ASSIGNMENT — Nothing but a verbatim copy of the data, minus the images, should be returned.

RECORDED DATA —
* * * *

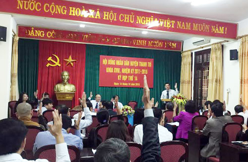 Sáng 14-10, HĐND huyện Thanh Trì đã tổ chức kỳ họp thứ 14 (kỳ họp không thường kỳ) khóa XVIII nhiệm kỳ 2011-2016, nhằm kiện toàn chức danh Phó Chủ tịch UBND huyện và phê duyệt chủ trương đầu tư các dự án thuộc thẩm quyền HĐND cấp huyện.
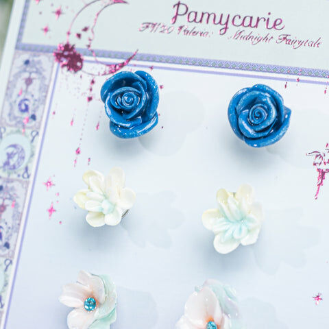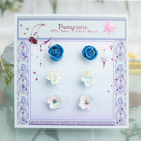 {𝟞} 寶藍玫瑰S925耳釘三對套裝 HKD780
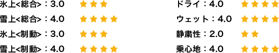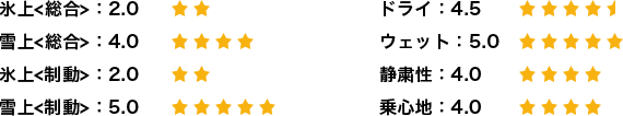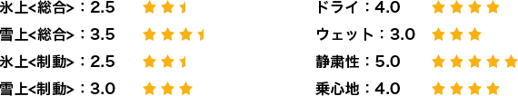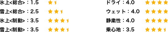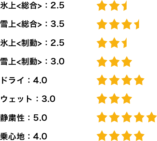 基本的な性能、雪上での曲がる、止まる、発進。氷上での止まる、発進。これに関しては私が別の車に履いている国産メーカーのタイヤと全く遜色なかったです。確かに氷上の発進と、圧雪路面では、国産某スタッドレスのほうが一歩上ですが、普段、安全運転を心がけて運転している限りは、何の問題もないように感じています。今年は例年よりも雪が少ないのですが、おかげでドライ路面での素晴らしい静粛性と乗り心地に気づくことができました。本当にクムホタイヤを履くことが出来てよかったです。最高の機会をありがとうございます。氷上を3としたのは、発進時の空転が気になることでしょうか。しかし走り出してしまえば抜群の安定性でした。

* * * *

EXPECTED OUTPUT —
 Sáng 14-10, HĐND huyện Thanh Trì đã tổ chức kỳ họp thứ 14 (kỳ họp không thường kỳ) khóa XVIII nhiệm kỳ 2011-2016, nhằm kiện toàn chức danh Phó Chủ tịch UBND huyện và phê duyệt chủ trương đầu tư các dự án thuộc thẩm quyền HĐND cấp huyện.
 {𝟞} 寶藍玫瑰S925耳釘三對套裝 HKD780
 基本的な性能、雪上での曲がる、止まる、発進。氷上での止まる、発進。これに関しては私が別の車に履いている国産メーカーのタイヤと全く遜色なかったです。確かに氷上の発進と、圧雪路面では、国産某スタッドレスのほうが一歩上ですが、普段、安全運転を心がけて運転している限りは、何の問題もないように感じています。今年は例年よりも雪が少ないのですが、おかげでドライ路面での素晴らしい静粛性と乗り心地に気づくことができました。本当にクムホタイヤを履くことが出来てよかったです。最高の機会をありがとうございます。氷上を3としたのは、発進時の空転が気になることでしょうか。しかし走り出してしまえば抜群の安定性でした。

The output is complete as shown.